**Problem statement**
Write the data out again exactly, with every picture removed.

# # # # #

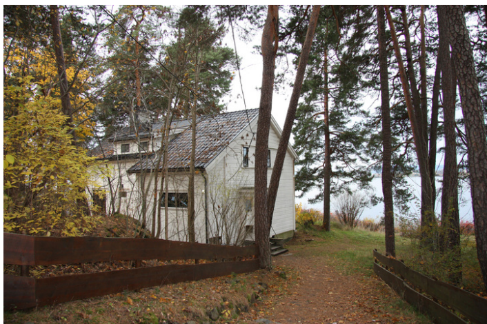
Villa GjØa med utsikt mot fjorden i vest.
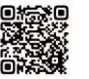
提案書、応募フォームはこちらから
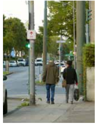
Als „Kompensation“ erfolgte Freigabe des viel zu schmalen Gehwegs des Weidkamps für den Radverkehr
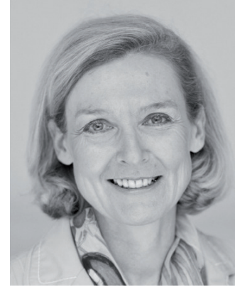
Dr Sabine Hopmann Lemförde, Alemania

"Esta paciente es un excelente ejemplo de cómo unos dientes atractivos y un cambio de estilo pueden influir en la personalidad de un individuo. El encanto natural de esta paciente se mejoró con las restauraciones dentales creadas individualmente. Los dientes SR Phonares II permiten una interminable variedad de formas y posiciones. Además, el sistema IvoBase asegura un encaje optimizado en la base de la dentadura, lo que contribuye a la comodidad de la masticación y el habla del paciente. La paciente está claramente satisfecha con sus nuevos dientes."

# # # # #

**Answer to the exercise**
Villa GjØa med utsikt mot fjorden i vest.
提案書、応募フォームはこちらから
Als „Kompensation“ erfolgte Freigabe des viel zu schmalen Gehwegs des Weidkamps für den Radverkehr
Dr Sabine Hopmann Lemförde, Alemania

"Esta paciente es un excelente ejemplo de cómo unos dientes atractivos y un cambio de estilo pueden influir en la personalidad de un individuo. El encanto natural de esta paciente se mejoró con las restauraciones dentales creadas individualmente. Los dientes SR Phonares II permiten una interminable variedad de formas y posiciones. Además, el sistema IvoBase asegura un encaje optimizado en la base de la dentadura, lo que contribuye a la comodidad de la masticación y el habla del paciente. La paciente está claramente satisfecha con sus nuevos dientes."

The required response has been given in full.